I am not aware of any 6809 SOC products from Motorola, so, since the circuit board showed no evidence of ROM or RAM, I'm pretty sure that it is not a 6809 variant of any sort. (If there were any special-order 6809 SOC microcontrollers, that would be interesting to hear about.) 

The 68HC11 did start shipping in 1984, so it could possibly be a 68HC11. 

(68HC11 is a 6801 in HCMOS, with an additional Y index register and a pre-byte that converts X-indexed op-codes to Y-indexed opcodes, plus hardware integer and fraction divide, bit instructions, and a little bit more. Some people confuse the 68HC11 with the 6809. I discussed the differences between the 68CH11 and the 6809, comparing their architecture and lineage, in another rant here, several years back: https://defining-computers.blogspot.com/2018/12/68hc11-is-not-modified-6809-and-what-if.html. There are a few errors there I need to go back and correct sometime, but they are not errors of substance, I think.)

I don't have solid information on when the first HC08 microcontrollers started shipping, but my impression is no sooner than the late 1980s. So  I'm guessing it was not an HC08 or HCS08 or any of the later extensions thereof. 

(HC08s were 68HC05s with a high-byte extension for the X register and some other useful stuff, including hardware 8-bit multiply and divide.)

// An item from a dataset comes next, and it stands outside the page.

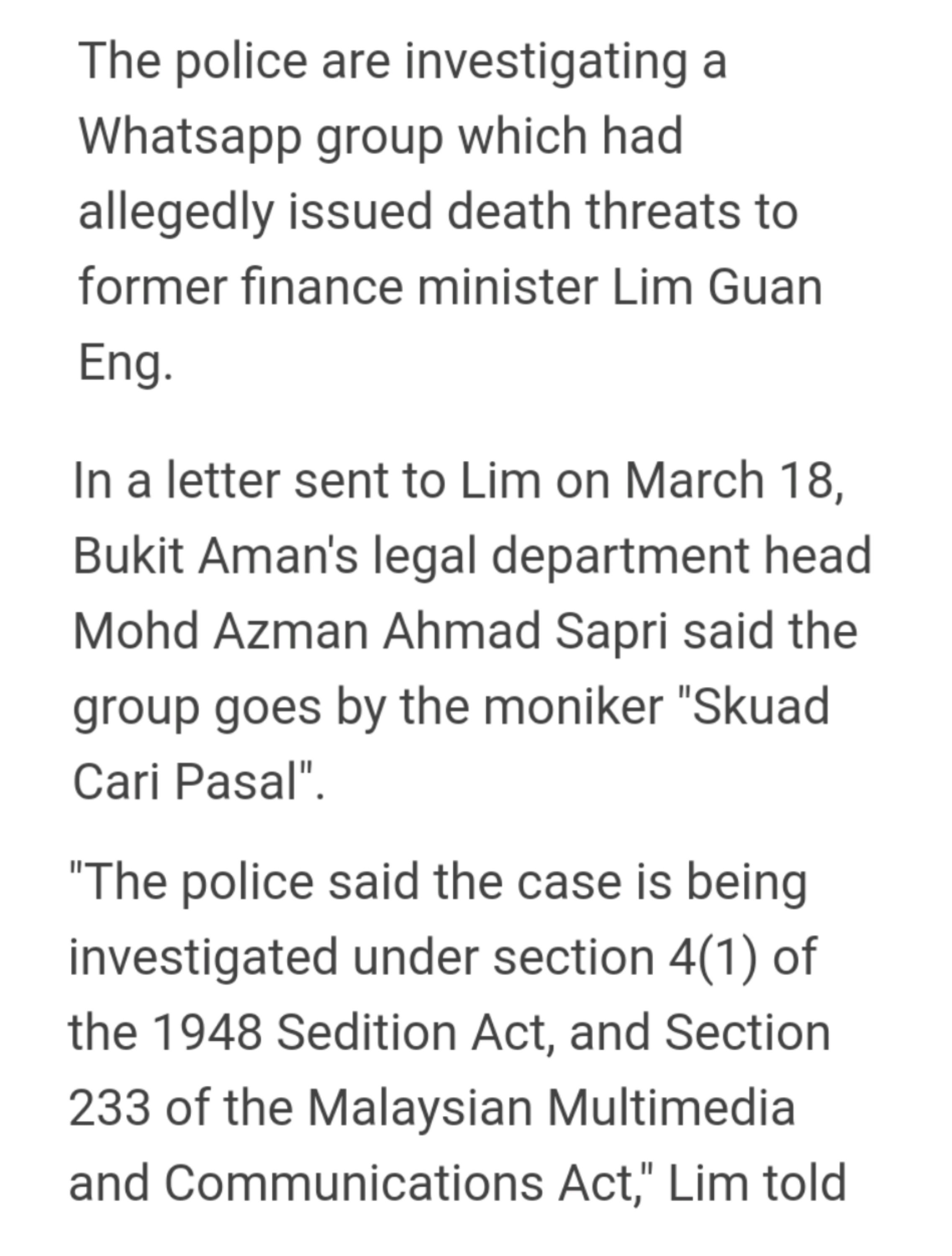 Cops probe Whatsapp group for sending death threats to Guan Eng https://t.co/fC9xFCNzOF pic.twitter.com/LgcXkVNebh

Other possibilities -- I understand that Motorola did second-source at least one other company's CPU in the 1970s. Whether the Intel 8501 might have been one of those, well, it seems ludicrous, but I have some conflicting memories. I think they had mostly gotten out of that business by the mid-1980s

It is my memory that they dabbled in manufacturing IBM compatible desktop PCs in the mid-to-late 1980s, but I don't remember whether that included manufacturing their own 8086 compatible CPUs, or second-sourcing Intel's. Anyway, that ended up only for desktop, and management quickly recognized that business model was not going to be profitable for them (and had been a marketing misstep).

I did also see announcements and engineering materials for 6502 core SOCs from Motorola, somewhere around 1986 or '87, IIRC, but those also seemed to have been dropped pretty quickly. It would not have been there in 1984.

And it is also my understanding that Motorola provided manufacturing for some mil-std microcontrollers, but I think that was only to the military and maybe NASA. Those were 16-bit, and not based on any of the 68XX or 68XXX series. I suppose it would not be impossible to see something like that in a washing machine controller, but it would be overkill.

There were also 4-bit and 1-bit SOC microcontrollers that Motorola produced in the late 1970s, but I don't remember any of them in 40-pin dip. I think they would be a bit underpowered.

I don't think the 88000 RISC series was even announced yet in 1984, and the Power architecture discussions with IBM and Apple had not even been imagined yet. There was the one-off custom implementation of the 360 architecture borrowing from the 68000. We can be sure that none of these would have been in a 40-pin chip in a washer in 1984.

Which is why my guesses come down to the 6805/68HC05 or the 6801/68HC01.